And how does sqlite3 compares with fully bodied database like PostgresSQL ( I used basically same code as above, just changed for rust-postgres crate):
/----------------------------------------------------\ | |10k tasks |10k inserts |insert 10k recs| |===========|===========|============|===============| |pg | ~ 5.6 secs| ~ 13 secs | ~ 1.7 secs | |sqlite wal | ~ 1.5 mins| ~ 1.5 mins | ~ 0.3 secs | |sqlite rb | ~ 14 mins | ~ 13.5 mins| ~ 0.3 secs | \____________________________________________________/
(Only bear in mind that measurements are approximate, informative, done by time command only)

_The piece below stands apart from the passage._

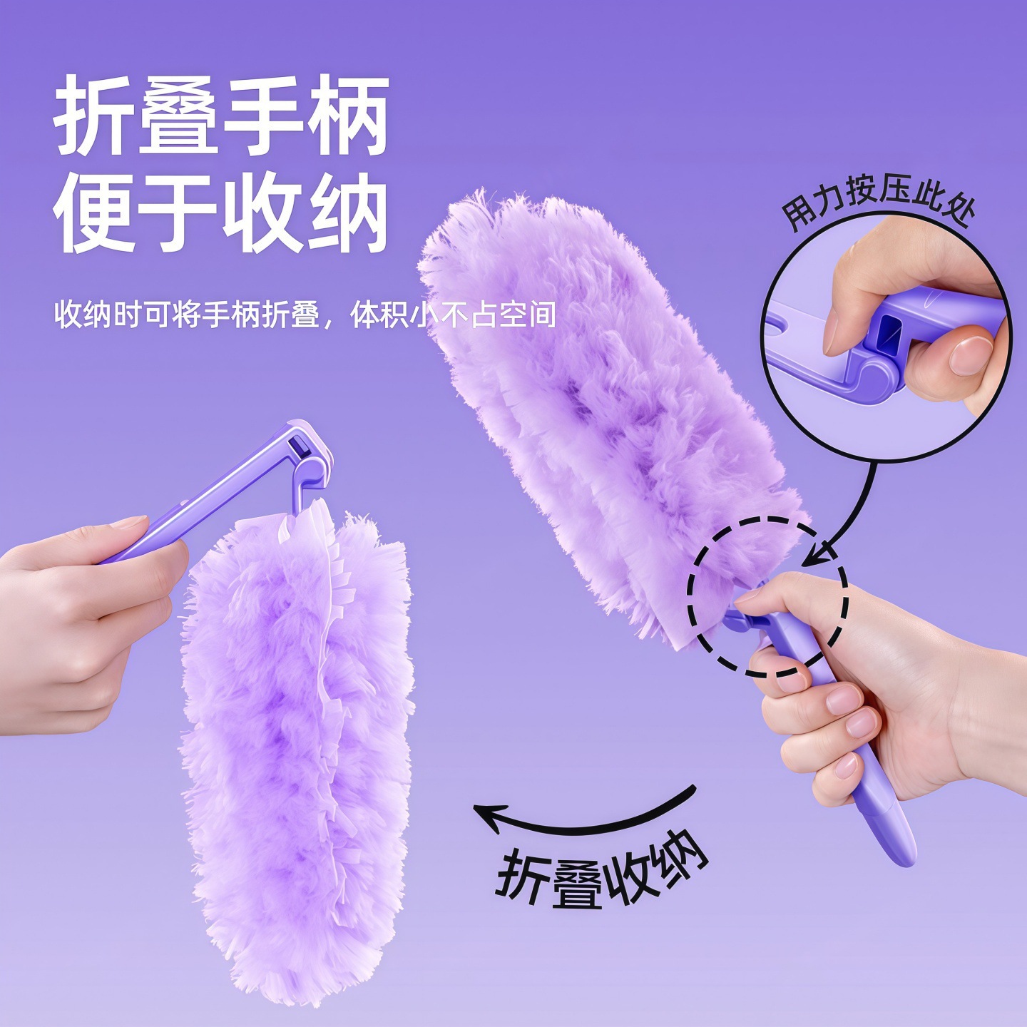 • 보라색 짧은 접이식 손잡이 1+3 먼지떨이 [opp bag]

As you can see postgres (first line – pg) is significantly faster for many inserts. You can see that it even can leverage concurrency (more the two times faster when inserts are run in concurrent threads). But for one transcation (10k inserts in one transaction), sqlite3 is faster, benefiting probably from simple architecture (no client server).
Some conclusions:
- If you writing a lot of records in sqlite3, try to write them in one transaction – it really helps.
- Many independent writes performs badly in sqlite3. For write intensive database consider something else.
- But for many types of applications sqlite3 is very good solution – it’s proven, robust and performs well, when used appropriately.